In gameplay new patch is stronger but at the same time it is much more blind to spectacular sacrifices because the classic eval kicks in and the move is pruned into oblivion.

For example: r1b1qr1k/2p3pp/4p3/1pb1PpN1/pn3N1P/8/PPP1QPP1/2KR3R w - - 0 1 Here Rd8 actually wins but Stockfish won't realize it now.

Yes, I've noticed many positions where "pure" SF NNUE found quickly that it has become totally blind to since the hybrid patch. It's a little disappointing for me, but then "elo gain is elo gain". The way I see it, it means with the hybrid patch, SF finds moves faster in many other positions, which is "equally" important from an objective standpoint. Furthermore, if there is an objective overall elo gain (which we are confident is true given it passed SPRT bounds on fishtest), that by definition means that SF (with hybrid patch) now finds the "better" move in more positions than without the hybrid patch.

dorzechowski commented 4 years ago

Thinking about it more, it doesn't really make sense to add more UCI switches just to better analyze some positions.
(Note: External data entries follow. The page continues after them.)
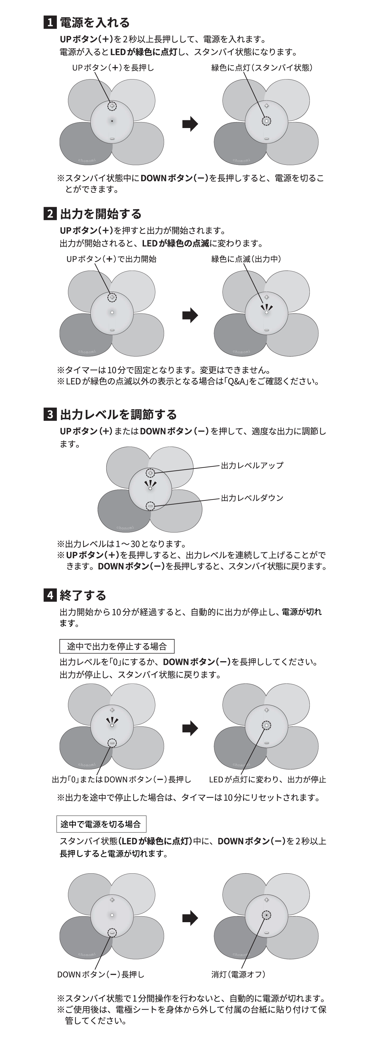 ・chomomiの使い方(電極シートをセットしてから操作を行ってください)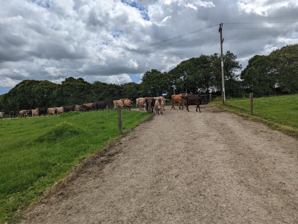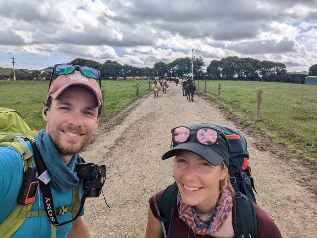 On se met en route vers 8:15 et en passant par la sortie du B&B on a l’occasion de donner quelques-uns de nos restes de petit déjeuner (des pelures de banane) à Dottie the Donkey. Chose qui énerve les cochons jaloux juste à côté hahaha. Aujourd’hui, le ciel est couvert mais il ne devrait pas (ou très peu) pleuvoir.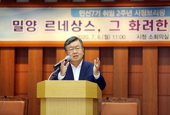 민선7기 지난 2년 주요 성과로는 ▲나노융합국가산업단지 착공 ▲나노융합연구단지 준공 ▲나노그린타운 지구지정 및 고시 ▲하남일반산업단지 준공 ▲밀양상생형 일자리 협약 체결 ▲ 한국나노마이스터고 개교 ▲ 한국폴리텍대학 밀양캠퍼스 설립 재개 등 나노융합산업에 가시적 성과를 내고, ▲국립기상과학관, 밀양아리랑우주천문대 동시 개관 ▲밀양아리랑대축제 대한민국 대표축제 선정 ▲내일·내이·가곡동 도시재생뉴딜사업 선정 추진 ▲농어촌관광휴양단지 본격 추진 등 굵직한 대형 프로젝트 사업을 통해 문화관광 도시로의 기반을 견고히 다졌다.

It's a bit similar situation to null move pruning and many other features - in general brings Elo but sometimes hurts. Also, whatever we do, someone will complain that some other obscure option is missing. People analyzing games are free to use previous build without this change or even maintain their own fork what I'm sure a lot of them do.

If at some point pure NNUE becomes stronger, I'm sure someone will simplify it back.

Vizvezdenec commented 4 years ago

I think we need a huge search retuning, especially for heuristics that use static eval. Look at fishtest now - basically everyting is passing/close to passing...

LouisZulli commented 4 years ago

If nothing else, having a UCI option named "Use NNUE" that, even when true, might in fact not use NNUE seems confusing now. It seems there are now two possible evaluations: classical and hybrid.

Maybe replace "Use NNUE" with either "Use Classical Evaluation" or "Use Hybrid Evaluation". One or the other, and simply true or false.

Sopel97 commented 4 years ago

Your understanding of the word "Use" is incorrect. Usage doesn't imply exclusivity.

LouisZulli commented 4 years ago

@Sopel97 "Use Classical Evaluation" is certainly unambiguous (and is true by default). Set it to false to enable whatever chimerical NNUE-hybrid is currently considered "best".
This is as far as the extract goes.